# Exercise prompt
In the entries below, find the line with "刃長:Blade length(Cutting edge): 70.7cm(二尺三寸三分半)" and the line with "在一座全部安装5C充电桩的充"; reproduce those two lines and all lines between them exactly, without pictures.

# Given records
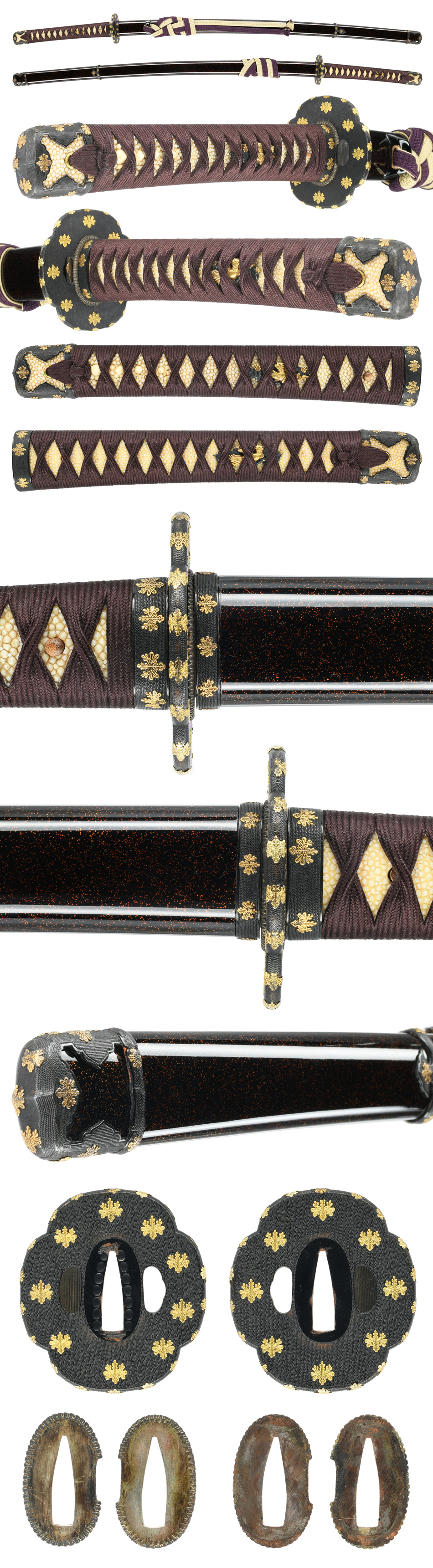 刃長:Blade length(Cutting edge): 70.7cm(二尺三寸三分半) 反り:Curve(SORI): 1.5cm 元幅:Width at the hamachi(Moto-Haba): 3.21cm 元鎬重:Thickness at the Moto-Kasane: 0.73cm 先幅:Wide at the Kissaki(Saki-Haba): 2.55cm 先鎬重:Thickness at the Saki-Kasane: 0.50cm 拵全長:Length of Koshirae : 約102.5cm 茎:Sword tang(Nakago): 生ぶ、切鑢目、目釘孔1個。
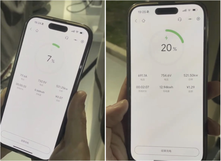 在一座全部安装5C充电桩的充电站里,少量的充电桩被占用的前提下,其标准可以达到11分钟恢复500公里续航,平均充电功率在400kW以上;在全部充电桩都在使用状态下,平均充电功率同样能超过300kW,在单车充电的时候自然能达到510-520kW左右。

---

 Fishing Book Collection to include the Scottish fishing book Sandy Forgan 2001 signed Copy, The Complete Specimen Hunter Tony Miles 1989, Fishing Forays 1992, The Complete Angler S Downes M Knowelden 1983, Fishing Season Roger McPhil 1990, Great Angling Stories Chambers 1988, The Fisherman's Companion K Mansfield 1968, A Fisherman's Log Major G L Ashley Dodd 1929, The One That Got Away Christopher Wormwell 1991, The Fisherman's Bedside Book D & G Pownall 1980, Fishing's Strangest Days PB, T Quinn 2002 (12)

# Answer box
 刃長:Blade length(Cutting edge): 70.7cm(二尺三寸三分半) 反り:Curve(SORI): 1.5cm 元幅:Width at the hamachi(Moto-Haba): 3.21cm 元鎬重:Thickness at the Moto-Kasane: 0.73cm 先幅:Wide at the Kissaki(Saki-Haba): 2.55cm 先鎬重:Thickness at the Saki-Kasane: 0.50cm 拵全長:Length of Koshirae : 約102.5cm 茎:Sword tang(Nakago): 生ぶ、切鑢目、目釘孔1個。
 在一座全部安装5C充电桩的充电站里,少量的充电桩被占用的前提下,其标准可以达到11分钟恢复500公里续航,平均充电功率在400kW以上;在全部充电桩都在使用状态下,平均充电功率同样能超过300kW,在单车充电的时候自然能达到510-520kW左右。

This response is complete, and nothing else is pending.